Binary single-value serialization

pub fn upper_bounds(&mut self, value: HashMap<i32, Datum>) -> &mut Self

field id: 128 key field id: 129 value field id: 130

Map from column id to upper bound in the column serialized as binary. Each value must be greater than or equal to all non-null, non-Nan values in the column for the file.

Reference:

Binary single-value serialization

pub fn key_metadata(&mut self, value: Option<Vec<u8>>) -> &mut Self

field id: 131

Implementation-specific key metadata for encryption

pub fn split_offsets(&mut self, value: Vec<i64>) -> &mut Self

field id: 132 element field id: 133

Split offsets for the data file. For example, all row group offsets in a Parquet file. Must be sorted ascending

pub fn equality_ids(&mut self, value: Vec<i32>) -> &mut Self

field id: 135 element field id: 136

Field ids used to determine row equality in equality delete files. Required when content is EqualityDeletes and should be null otherwise. Fields with ids listed in this column must be present in the delete file

pub fn sort_order_id(&mut self, value: i32) -> &mut Self

field id: 140

ID representing sort order for this file.

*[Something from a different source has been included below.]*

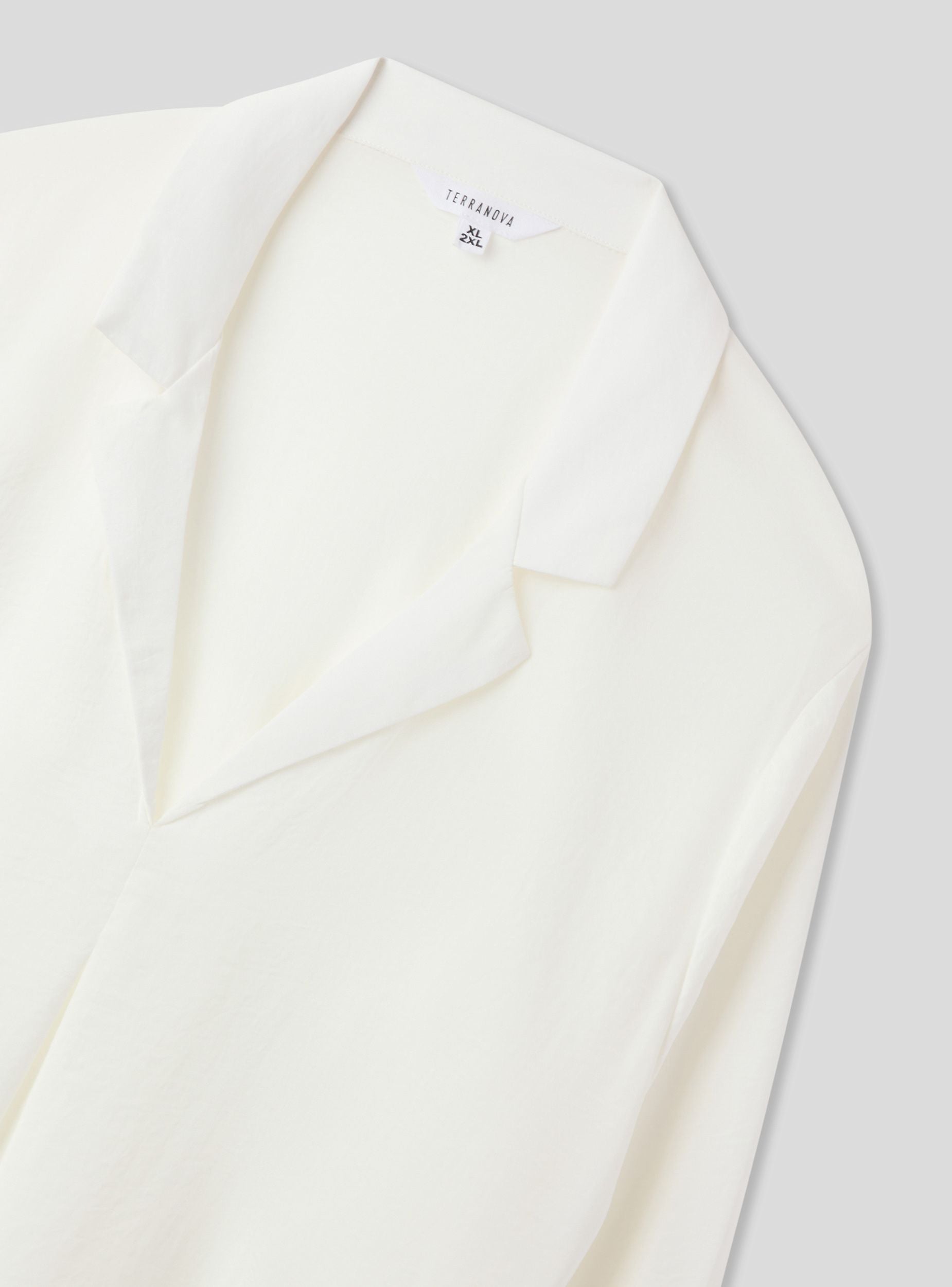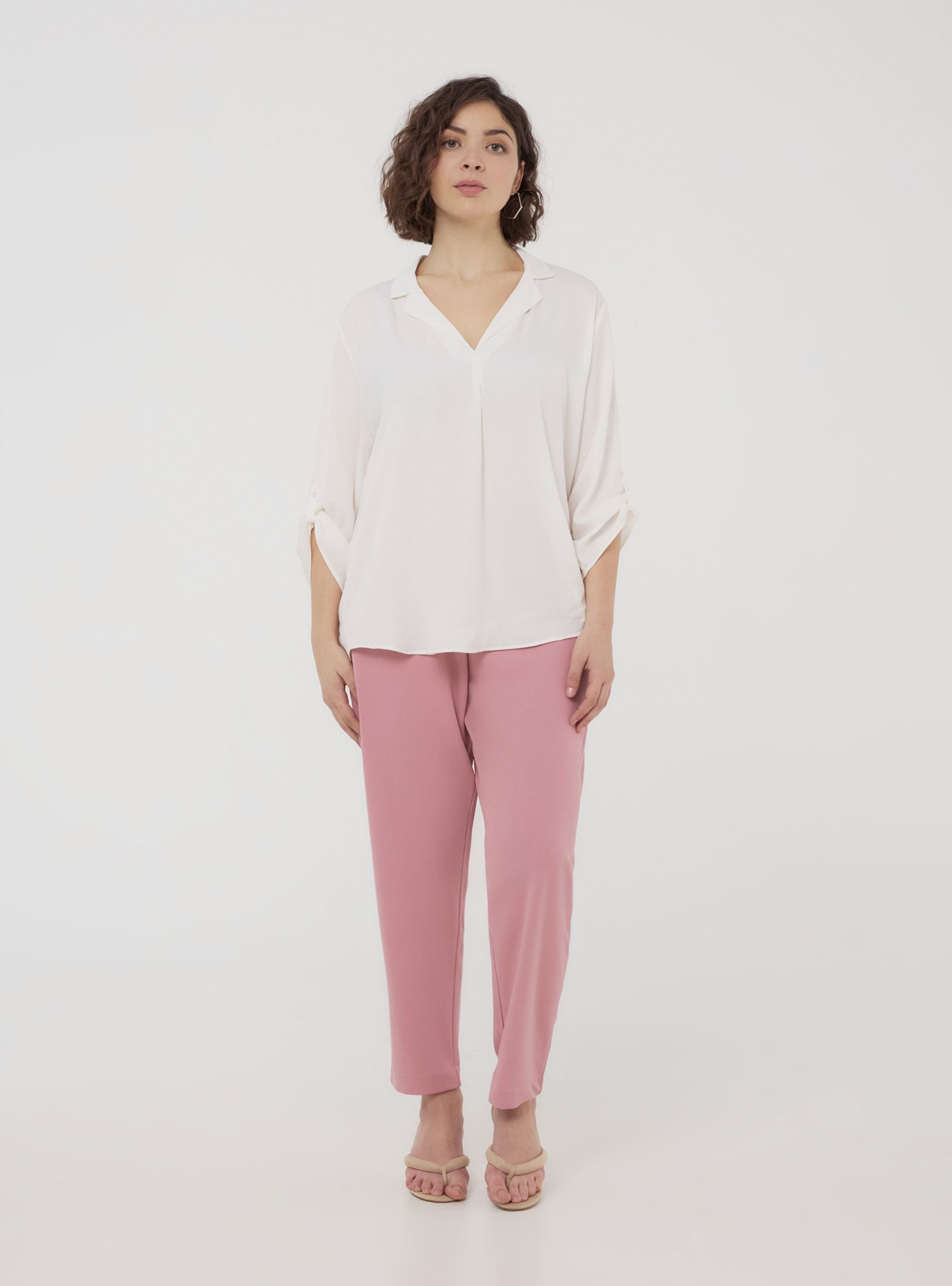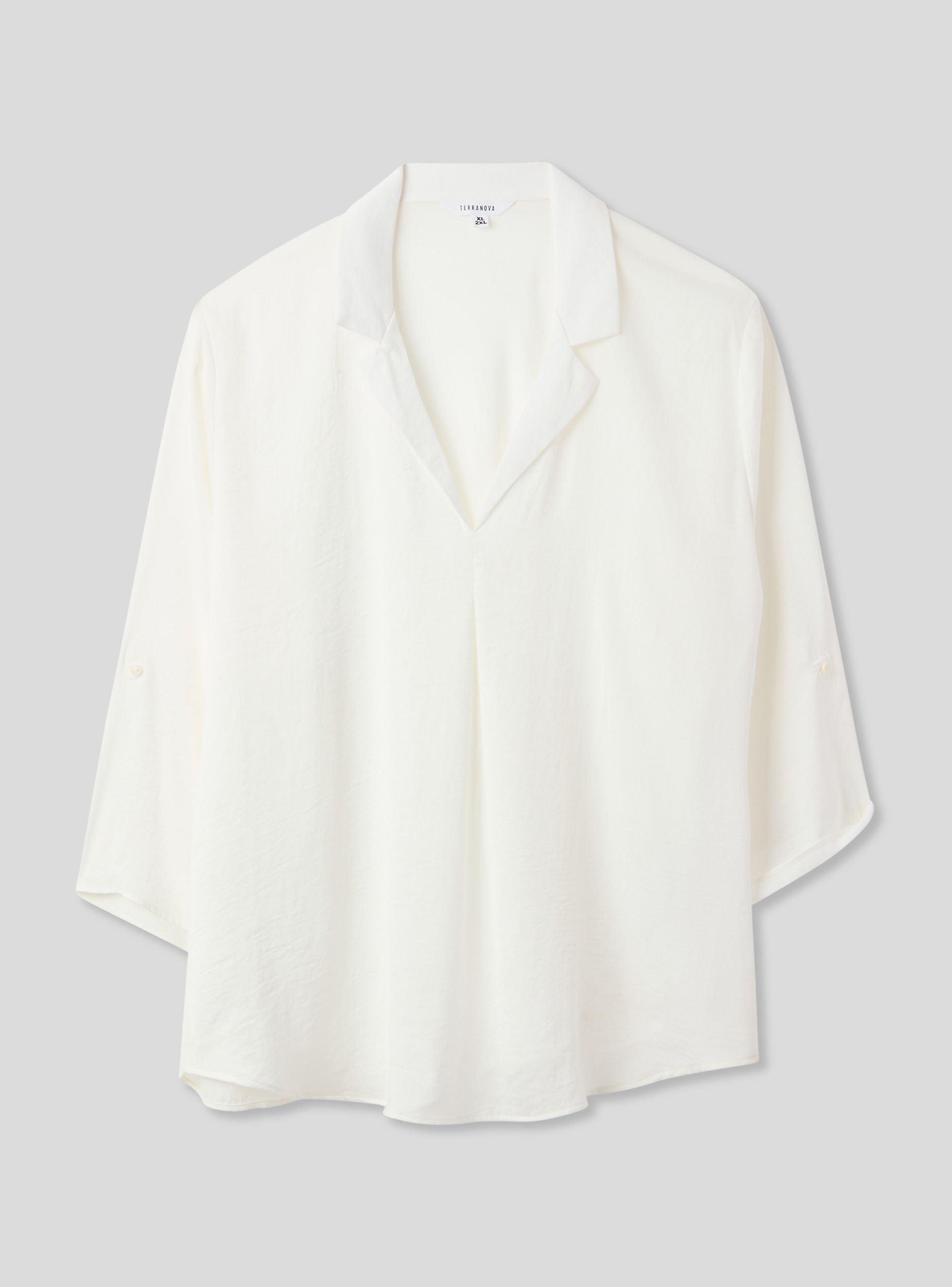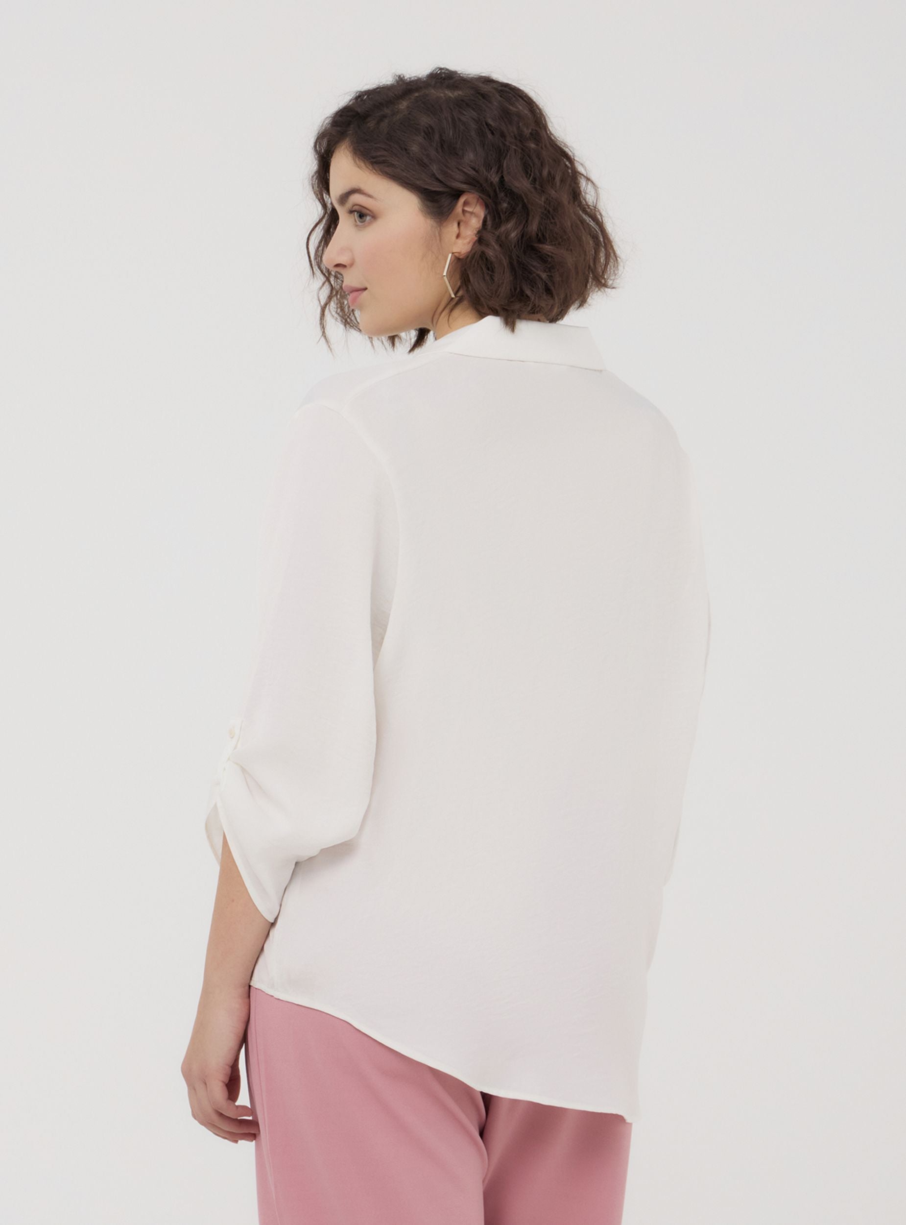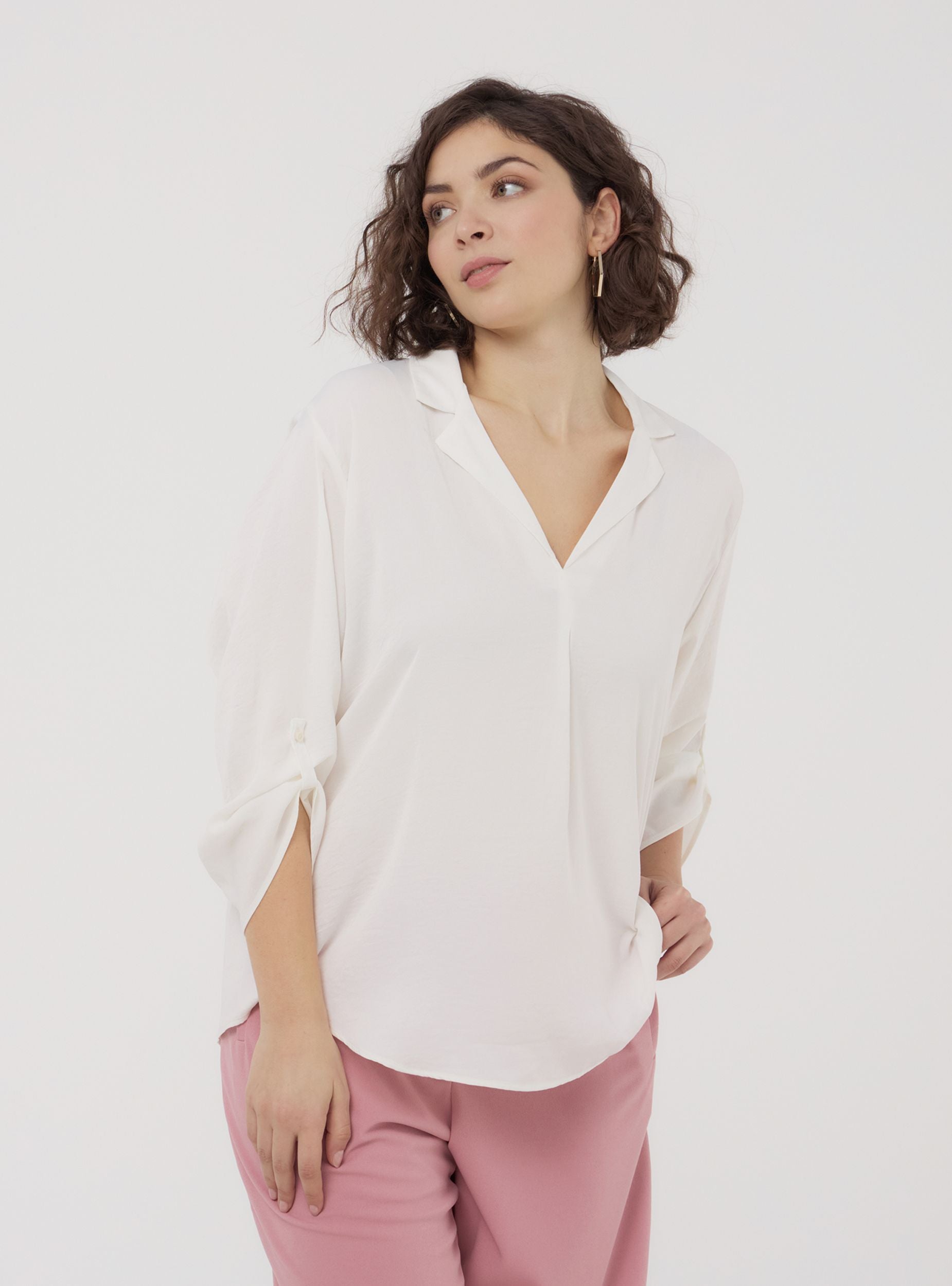 Blusa da donna a tinta unita, perfetta per un look raffinato e versatile. Il design presenta uno scollo a V con delicati revers che donano eleganza e fluidità. Le maniche lunghe possono essere indossate a tre quarti grazie al pratico bottone, offrendo maggiore adattabilità e stile. La vestibilità morbida assicura comfort, rendendola ideale per completare outfit sia casual che più ricercati.
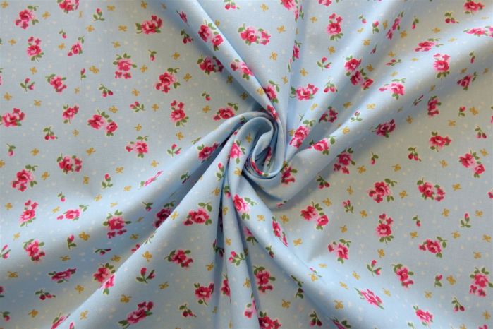 A Quality Ex-Designer 100% Cotton Poplin Floral Print with Red Roses on a Pale Blue Background

If sort order ID is missing or unknown, then the order is assumed to be unsorted. Only data files and equality delete files should be written with a non-null order id. Position deletes are required to be sorted by file and position, not a table order, and should set sort order id to null. Readers must ignore sort order id for position delete files.

pub fn first_row_id(&mut self, value: Option<i64>) -> &mut Self

field id: 142

The _row_id for the first row in the data file. For more details, refer to https://github.com/apache/iceberg/blob/main/format/spec.md#first-row-id-inheritance

pub fn partition_spec_id(&mut self, value: i32) -> &mut Self

This field is not included in spec. It is just store in memory representation used in process.

pub fn referenced_data_file(&mut self, value: Option<String>) -> &mut Self

field id: 143

Fully qualified location (URI with FS scheme) of a data file that all deletes reference. Position delete metadata can use referenced_data_file when all deletes tracked by the entry are in a single data file. Setting the referenced file is required for deletion vectors.

pub fn content_offset(&mut self, value: Option<i64>) -> &mut Self

field: 144

The offset in the file where the content starts. The content_offset and content_size_in_bytes fields are used to reference a specific blob for direct access to a deletion vector. For deletion vectors, these values are required and must exactly match the offset and length stored in the Puffin footer for the deletion vector blob.

pub fn content_size_in_bytes(&mut self, value: Option<i64>) -> &mut Self

field: 145

The length of a referenced content stored in the file; required if content_offset is present

pub fn build(&self) -> Result<DataFile, DataFileBuilderError>

Builds a new DataFile.

§Errors

If a required field has not been initialized.

Trait Implementations§

impl Clone for DataFileBuilder

fn clone(&self) -> DataFileBuilder

Returns a copy of the value. Read more

1.0.0 · Source§

fn clone_from(&mut self, source: &Self)

Performs copy-assignment from source. Read more

impl Default for DataFileBuilder

fn default() -> Self

Returns the “default value” for a type. Read more

Auto Trait Implementations§

impl UnwindSafe for DataFileBuilder

Blanket Implementations§

impl<T> Any for T
where T: 'static + ?Sized,

fn type_id(&self) -> TypeId

Gets the TypeId of self. Read more

impl<T> Borrow<T> for T
where T: ?Sized,

fn borrow(&self) -> &T

Immutably borrows from an owned value. Read more

impl<T> BorrowMut<T> for T
where T: ?Sized,

fn borrow_mut(&mut self) -> &mut T

Mutably borrows from an owned value. Read more

impl<T> CloneToUninit for T
where T: Clone,

unsafe fn clone_to_uninit(&self, dst: *mut u8)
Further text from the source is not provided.